9.—(1) In this regulation, “the relevant fee”, in relation to any application, means the fee specified opposite the application in question in Part I of Schedule 2, and it shall be payable by the person who submits a dossier to the Minister in connection with that application pursuant to regulation 6(3), 7(1) or 8(1).

(2) Any relevant fee shall be paid at the time that the dossier is submitted to the Minister.

(3) Any unpaid sum due by way of a relevant fee, or any part of such fee, shall be recoverable as a debt.

(4) The Minister need not process any application made under regulation 6(3), 7(1) or 8(1), unless the application is accompanied by the relevant fee.

PART IIIAPPROVAL OF ESTABLISHMENTS

Application for the approval of establishments

10.—(1) An eligible person may apply to the enforcement authority to approve an establishment as an establishment on which one or more of the following activities may be exercised—

(a)the manufacture of a zootechnical additive with a view to putting it into circulation;

(b)the manufacture of a zootechnical premixture with a view to putting it into circulation;

(c)the manufacture of a zootechnical compound feedingstuff with a view to putting it into circulation;

(d)the production of a zootechnical compound feedingstuff for the exclusive requirements of the applicant’s holding, and;

(e)the manufacture of a zootechnical compound feedingstuff using a minimum proportion of 0.05% by weight of a premixture.

(2) An application made under paragraph (1) shall be in writing, in the English language, signed by or on behalf of the applicant, and shall contain the name and address of the applicant, shall specify each activity in relation to which the application is made and (if made by 31st August 1998) whether the activity in question was being exercised on the establishment on 1st April 1998, and shall be accompanied by particulars which seek to demonstrate that the establishment meets the applicable minimum conditions laid down in the Annex to the Establishments Directive.

Approval of establishments

11.—(1) Where an application is made under regulation 10 or 12, the enforcement authority shall (subject to regulation 15)—

(a)check by means of an on the spot verification whether the establishment meets the applicable minimum conditions laid down in the Annex to the Establishments Directive, and

(b)process the application in accordance with the requirements of the second paragraph of Article 4.1 or the second paragraph of Article 4.2 of the Establishments Directive as applicable.
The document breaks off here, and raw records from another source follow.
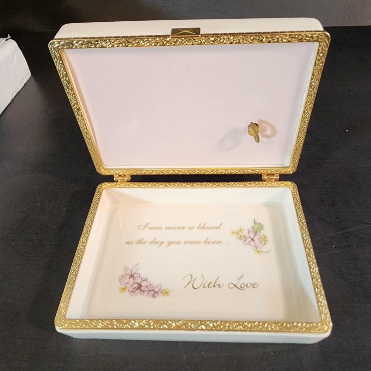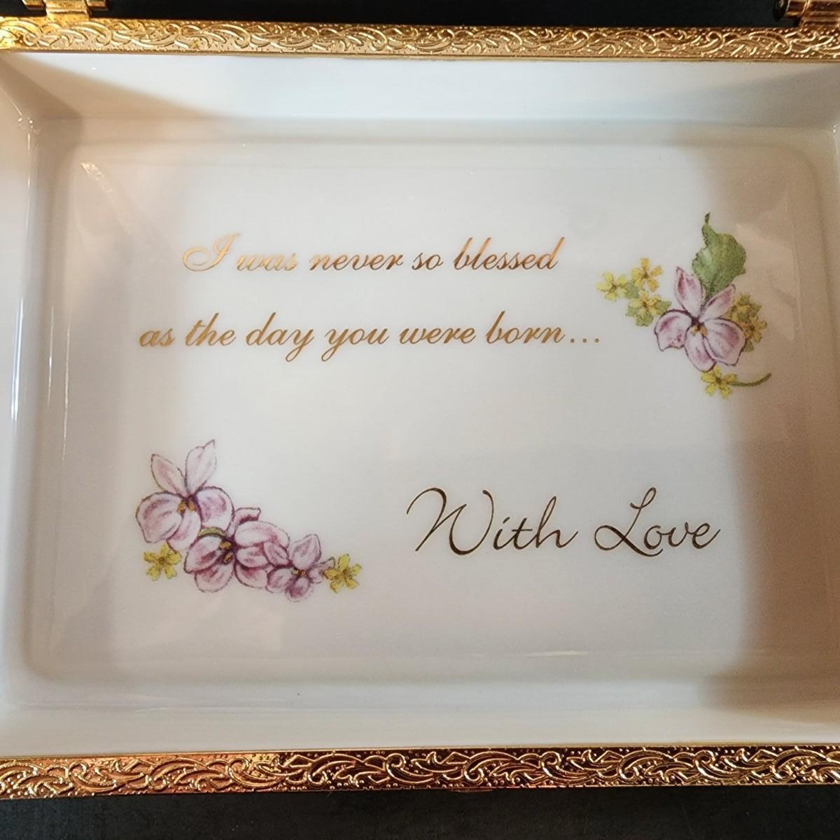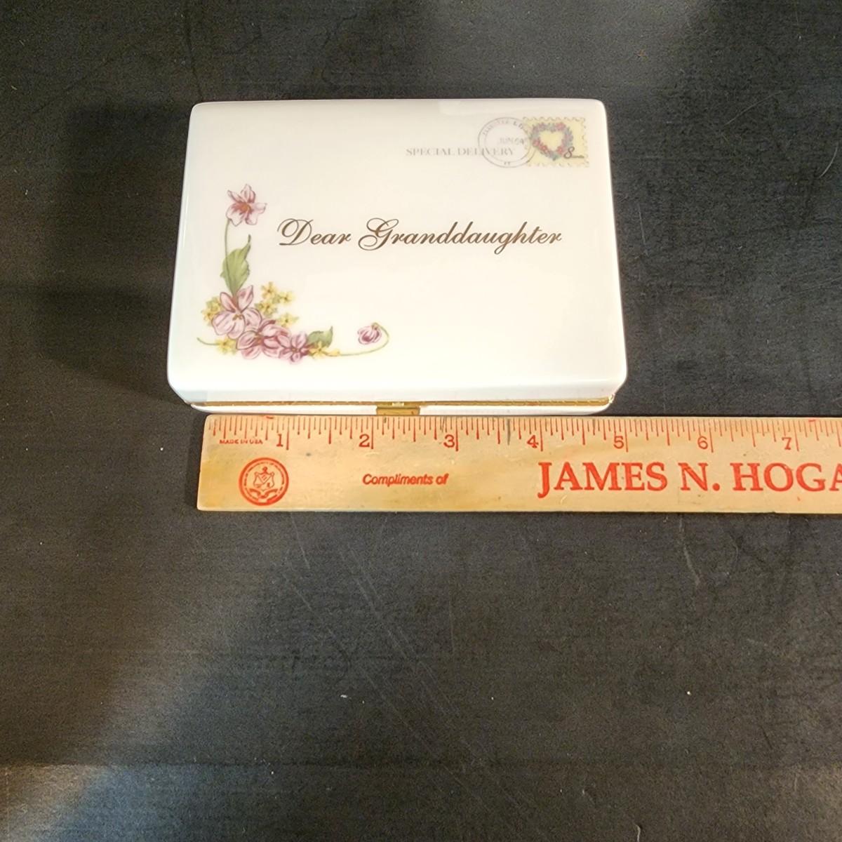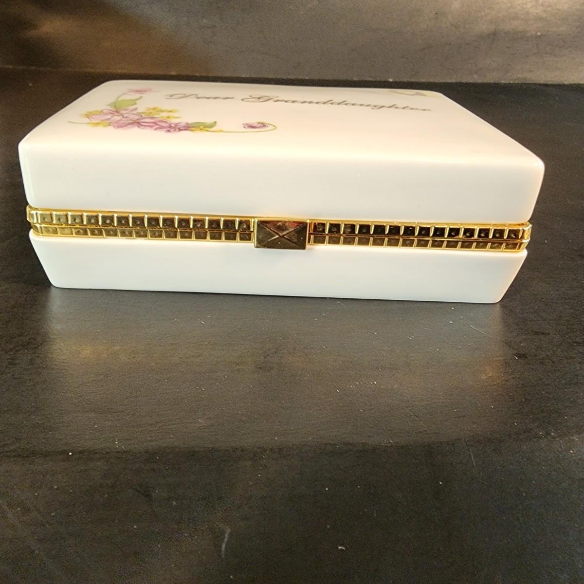 LOT 35:: Ardleigh Elliot NEW with COA Porcelain Music Box- "Dear Granddaughter"
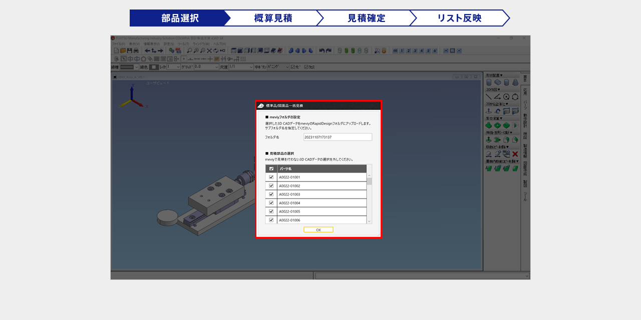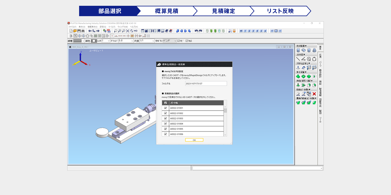 確定後、RAPiD Designへ戻り見積結果をリストに反映
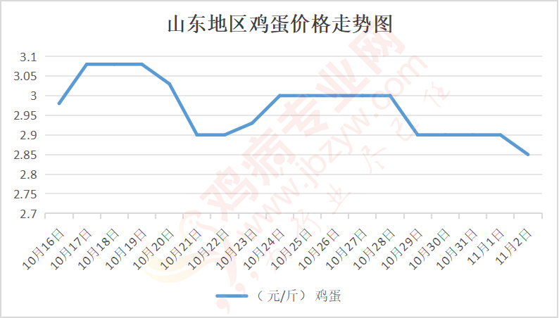 鸡病专业网消息:11月2日,山东地区莱阳鸡蛋2.9元/斤,落;青岛鸡蛋2.9元/斤,落;诸城鸡蛋2.9元/斤,稳;安丘鸡蛋2.8元/斤,稳;昌乐鸡蛋2.8元/斤,稳;寿光鸡蛋2.8元/斤,稳;昌邑鸡蛋2.8元/斤,稳;高密鸡蛋2.9元/斤,稳;青州鸡蛋2.8元/斤,稳;临朐鸡蛋2.8元/斤,稳;莱州鸡蛋2.9元/斤,落;威海鸡蛋2.9元/斤,落;临沭鸡蛋2.8元/斤,稳;沂水鸡蛋2.8元/斤,稳;沂南鸡蛋2.8元/斤,稳;莒南鸡蛋2.8元/斤,稳;兰陵县鸡蛋2.8元/斤,稳;日照鸡蛋2.8元/斤,稳;莒县鸡蛋2.8元/斤,稳;日照辛萁商贸鸡蛋2.8元/斤,稳;泗水鸡蛋价格81元/30斤,稳;济宁、汶上鸡蛋价格81元/30斤,稳;梁山、东平红蛋价格81元/30斤,稳;枣庄滕州地区鸡蛋混码主流到户83元/30斤,稳;泰安地区新泰鸡蛋价格81元/30斤,稳;菏泽地区曹县主流到户81元/30斤,稳;成武鸡蛋价格81元/30斤,稳;单县到户81元/30斤,稳;聊城莘县80元/30斤,稳。
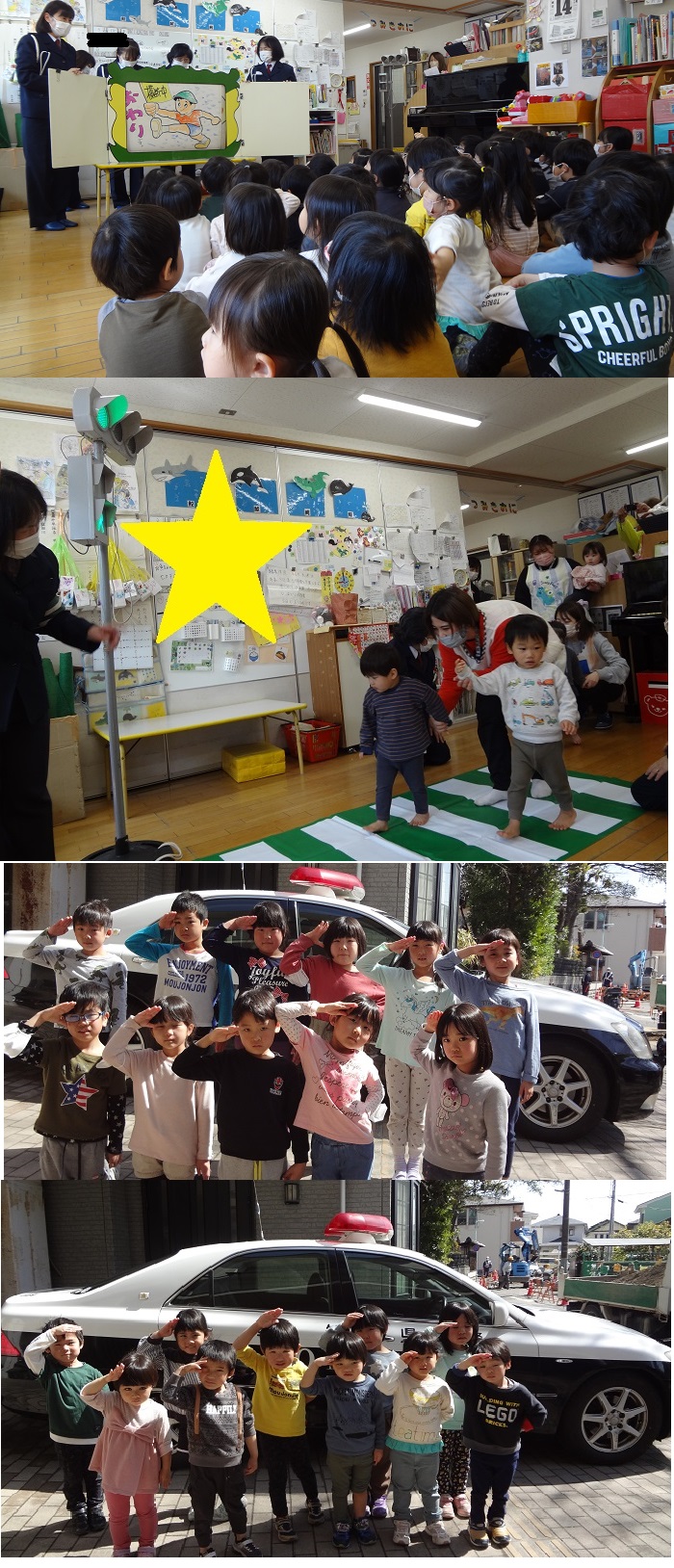 紙芝居を読んでもらい横断歩道の渡り方を知り
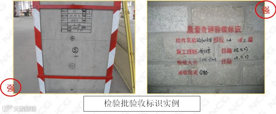 砌体、混凝土等实体工程应按检验批进行验收,并在相应构件明显部位设置验收标识,标明施工人员、验收人员、验收日期及验收情况(参加人员、时间、结论)。
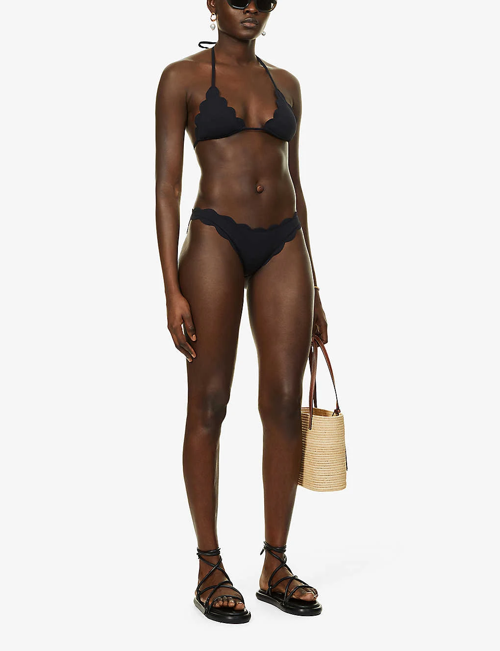 - Halterneck, triangle cups, removable padding, scalloped trims
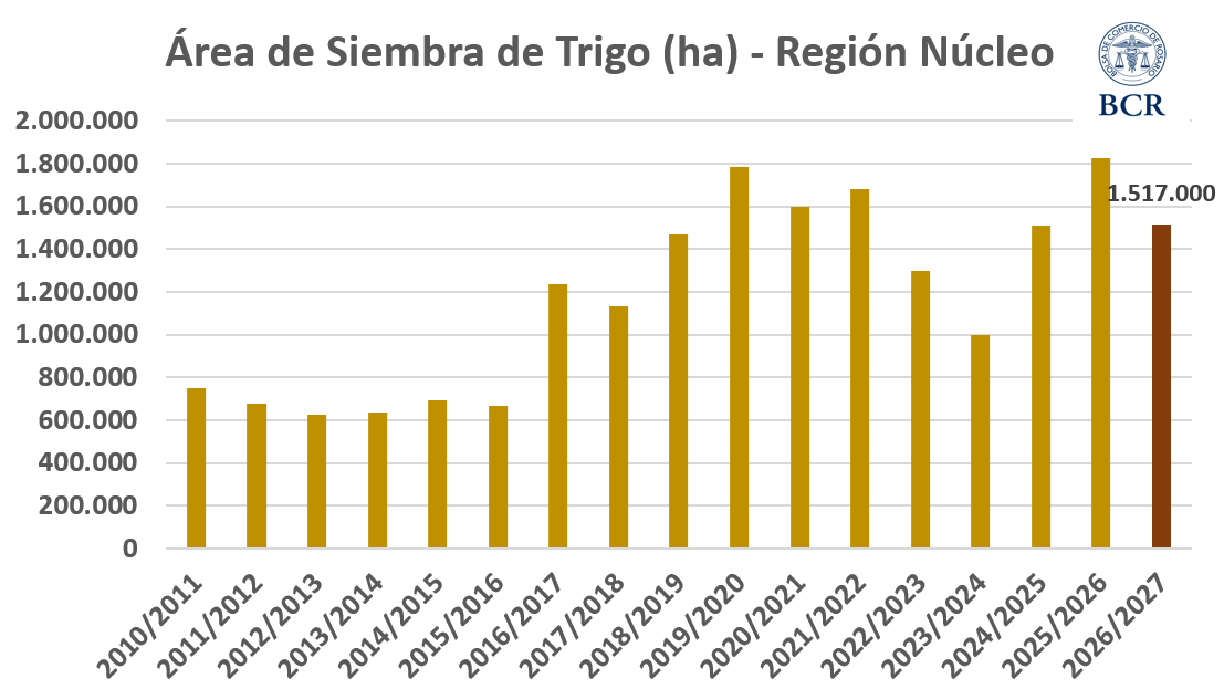 Se estiman 300.000 ha menos de trigo 2026/27 en la región núcleo - 23 de Abril de 2026
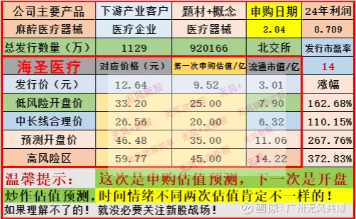 申购预测表是看重公司上市前的财务质地和行业前景,新股后期有波动是正常的,上市前一晚本号还有接盘炒作估值分析和策略,个人看法会随着资金的喜好和题材的发酵而改变前期观点(请关注本号每天复盘,会更新不同的估值分析观点)。请谨慎和理性参考,本文内容不做任何投资建议,据此操作风险自理。
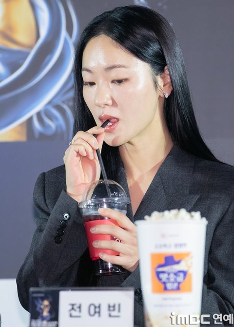 배우 전여빈이 6일 오후 서울 여의도CGV에서 열린 ‘제45회 청룡영화상’ 핸드프린팅 행사에 참석해 홍초를 마시고 있다.
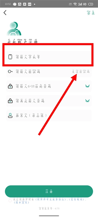 在注册页面,输入手机号后,点击发送验证码。
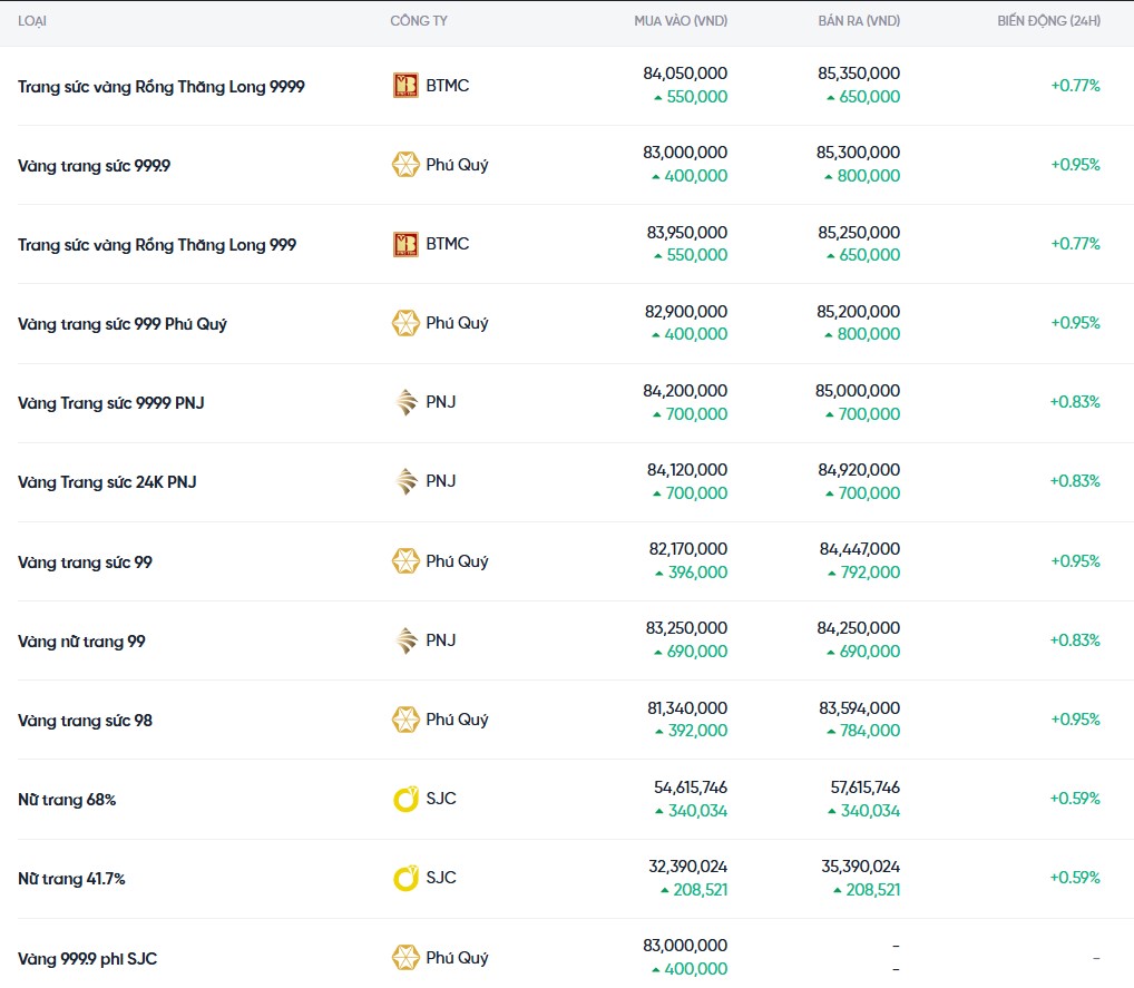 Giá cao nhất thuộc về vàng trang sức Rồng Thăng Long 9999 của Bảo Tín Minh Châu với mức bán ra 85,350,000 VND/chỉ, tăng 650,000 VND (+0.77%). Giá thấp nhất ghi nhận ở nữ trang 41.7% của SJC với mức bán ra 35,390,024 VND/chỉ, tăng 208,521 VND (+0.59%). Biến động giá trong 24 giờ chủ yếu từ +0.59% đến +0.95%.
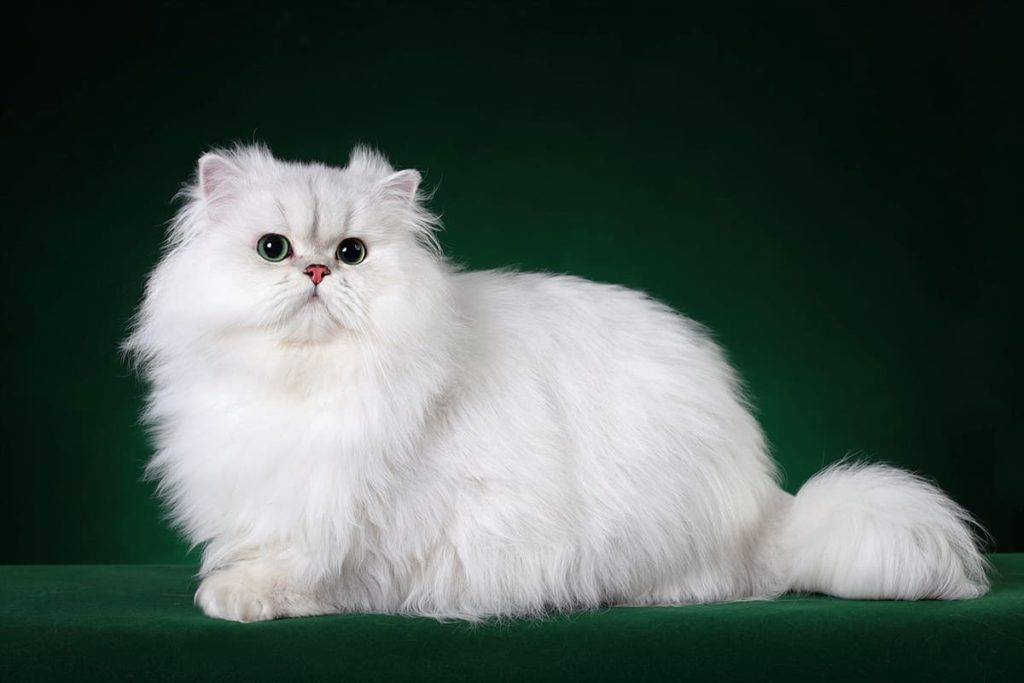 - Белая шиншилла. Удивительно красивое животное с зелеными или голубыми глазами и светло-серой шерстью. Остевые волоски у таких кошек настолько светлые, что они полностью теряются на фоне подшерстка.

(2) Where the enforcement authority is satisfied that, in respect of the relevant establishment activity, the establishment meets the applicable minimum conditions laid down in the Annex to the Establishments Directive, it shall approve the establishment as an establishment on which the relevant establishment activity may be exercised, and register the establishment on the register of approved establishments in accordance with Article 5.1 of the Establishments Directive as being an approved establishment on which the relevant establishment activity may be exercised.

Amendment of approvals

12.—(1) An eligible person may apply to the enforcement authority to approve an approved establishment as an establishment on which a further establishment activity (“the new establishment activity”) may be exercised—

(a)in addition to an establishment activity in respect of which the establishment is already approved, or

(b)instead of that activity.

(2) Where an application complying with regulation 10(2) is made under paragraph (1), the enforcement authority shall (subject to regulation 15) amend the approval relating to the establishment, and approve the establishment as an establishment on which the new establishment activity may be exercised, if, following the procedure in regulation 11(1), it is satisfied that, in respect of the new establishment activity, the establishment meets the applicable minimum conditions laid down in the Annex to the Establishments Directive.

(3) Where, pursuant to paragraph (2), the enforcement authority amends an approval relating to an approved establishment, it shall update the register of approved establishments to show all the establishment activities that may be exercised on the approved establishment.

Withdrawal of approvals

13.—(1) The enforcement authority shall withdraw an approval relating to the exercise of an establishment activity on an approved establishment if it is satisfied that the exercise of that activity on the establishment has ceased.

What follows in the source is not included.